Monday, November 5, 2007

Making Teams Effective

Virtually every organization uses teams to solve complex problems, or to implement large scale, complicated projects. With the integration and globalization of organizations, it is becomingly increasingly common for team members to live on different continents, and may never have met their teammates in person. With this environment, some suggestions for insuring that teams are effective can be as simple as:

- Make sure the objective is appropriate for a team solution. Teams are appropriate where creativity is required. Teams are less effective when a situation with tight "cast in stone" deadlines are necessary.

- Make sure a reasonable definition of consensus is agreed upon and applied.

- Not all of the team's activities need to be performed by the entire team; nothing works better for a team than the approach of "divide and conquer."
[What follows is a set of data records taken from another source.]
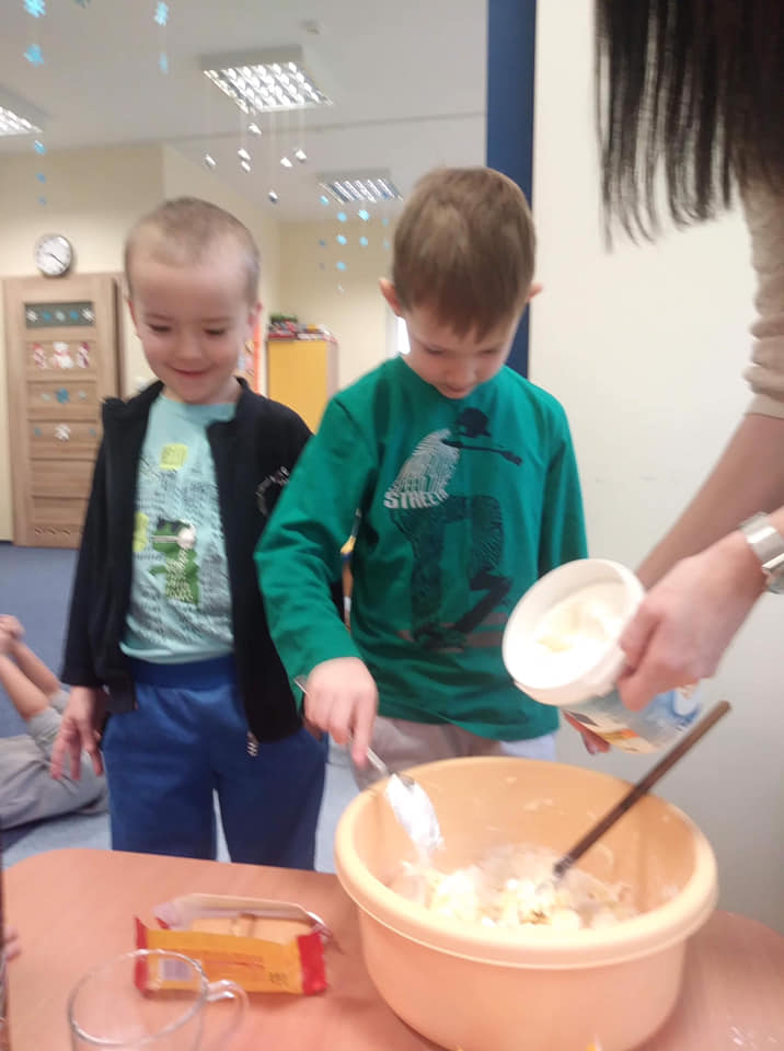 Grupa Sowy 1 oraz Sowy 2 na zajęciach z kuchcikowa wykonała słodką "Chatkę Baby Jagi".
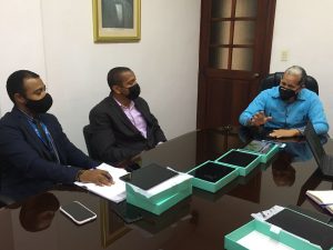 Santo Domingo, República Dominicana (Junio 2021).- El viceministro de Ordenamiento Territorial y Desarrollo Regional, del Ministerio de Economía, Planificación y Desarrollo, Domingo Matías, recibió en su despacho al director de Desarrollo de Proyecto del Ministerio de Agricultura, Luis Ceballos, para conocer la plataforma digital que permitirá automatizar datos sobre la producción agrícola.
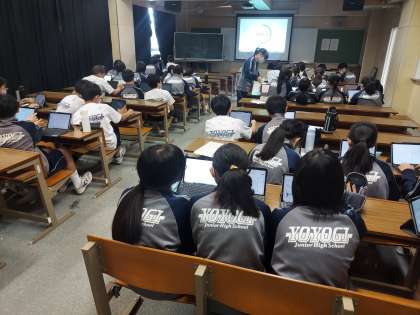金曜日の1時間目と2時間目は、代々木中学校探究学習の時間です。写真はテーマが決まらずモヤモヤしているグループです。それぞれが一生懸命に考えていました。
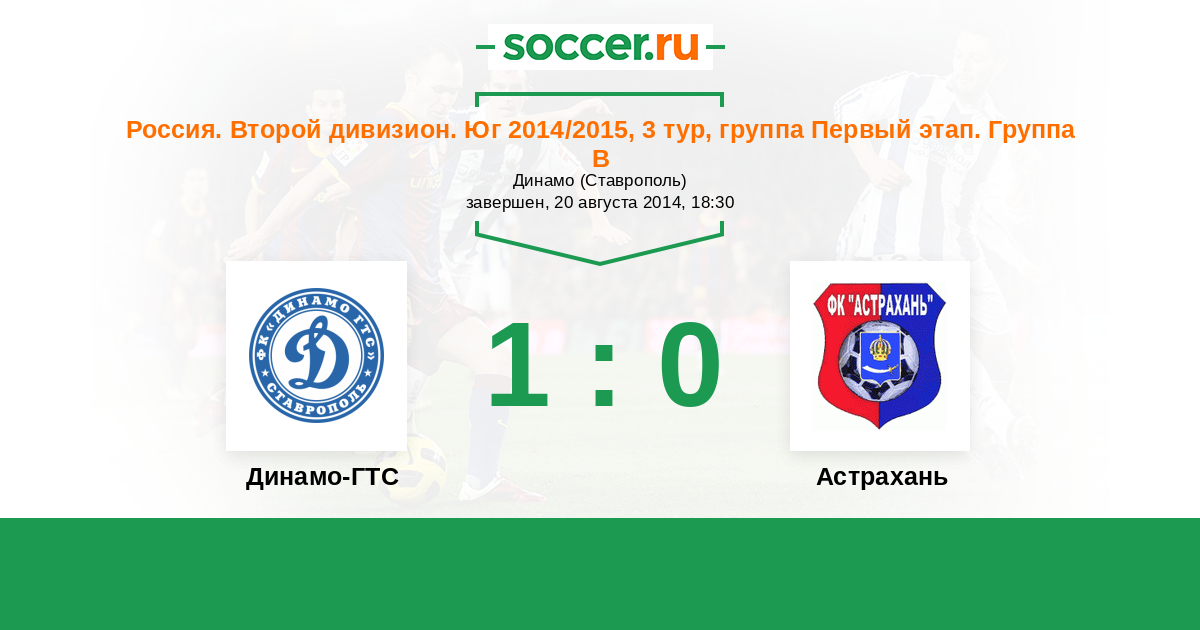 Россия. Вторая лига. Группа 1 19.10.2014 Астрахань Логотип футбольный клуб Астрахань 0:2 Логотип футбольный клуб Динамо-ГТС (Ставрополь) Динамо-ГТС
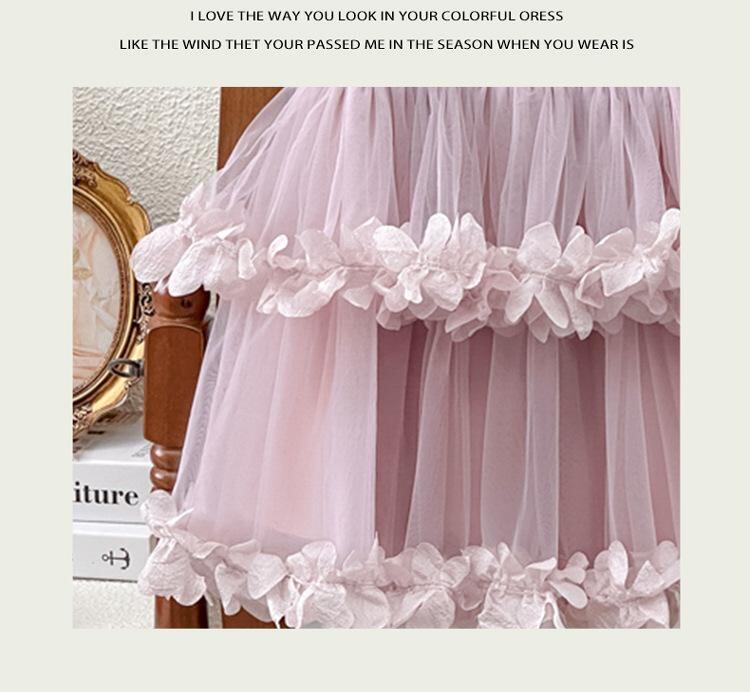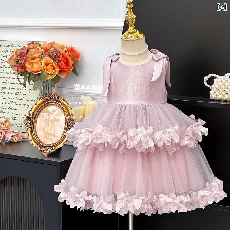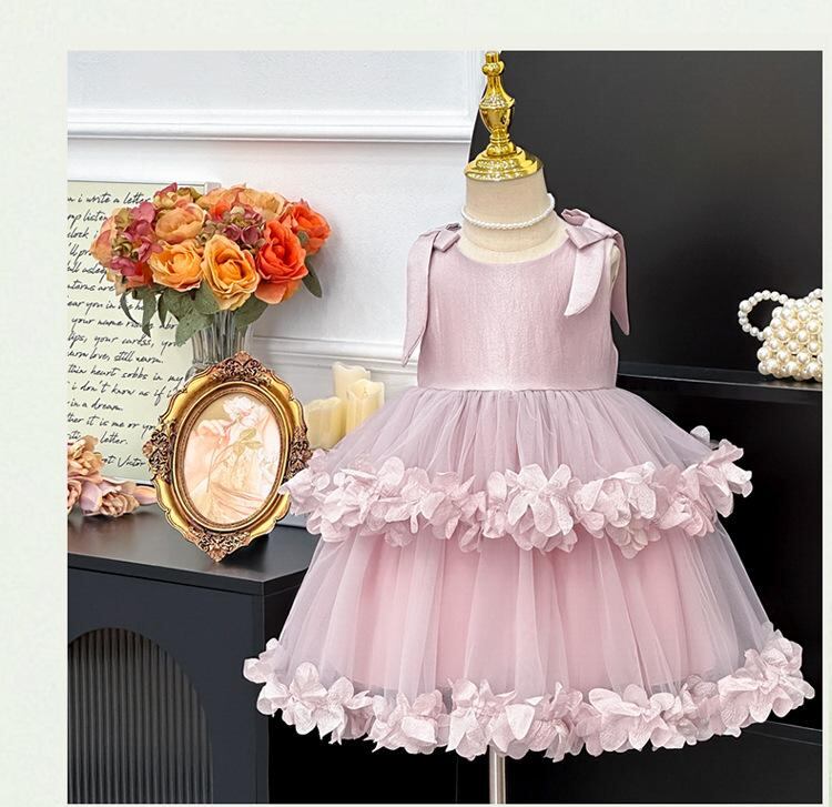 ワンピース 女の子 子供 チュールスカート プリンセスドレス 蝶結び 発表会 結婚式 パーティー かわいい ポリエステル 花柄 裏地綿 90 100 110 120 130 140cm

- Some time should be spent, especially early on, to socialize and harmonize the team. A good team needs strong relationships, and a keen understanding of the strengths and limitations of other team members.

- Apply 21st century collaboration tools; video conferences, document and drawing editing programs that can be used by multiple team members and manage all changes simultaneously.
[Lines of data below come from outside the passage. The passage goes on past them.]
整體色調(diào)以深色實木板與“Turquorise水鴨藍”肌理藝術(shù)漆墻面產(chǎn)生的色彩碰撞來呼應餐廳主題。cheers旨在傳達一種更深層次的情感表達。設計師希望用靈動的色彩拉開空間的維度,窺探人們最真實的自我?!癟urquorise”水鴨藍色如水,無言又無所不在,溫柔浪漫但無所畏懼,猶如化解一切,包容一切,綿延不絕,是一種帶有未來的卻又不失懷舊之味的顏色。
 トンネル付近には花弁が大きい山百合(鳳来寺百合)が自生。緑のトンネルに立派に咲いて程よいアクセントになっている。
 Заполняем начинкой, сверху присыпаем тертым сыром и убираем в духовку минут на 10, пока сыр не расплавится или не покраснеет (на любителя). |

- Match people and personalities to specific team roles. The leader guides the process and helps build consensus. An administrator updates the project schedule, maintains the action lists, keeps meeting minutes etc. The facilitator leads the team discussions and make sure they stay on track; many teams use the leader as the facilitator. A writer develops team reports, and presentations; many teams combine the writer and administrator roles. The remaining two roles are those of analyzer - somebody has to evaluate options and run the numbers; and at least one idea generator - someone creative and capable of stimulating the team's thought process.

Sometimes the human interaction side of establishing a team gets minimized or ignored so we can "get right to results." A little effort up front to ensure a team will be effective goes a long way to getting those results.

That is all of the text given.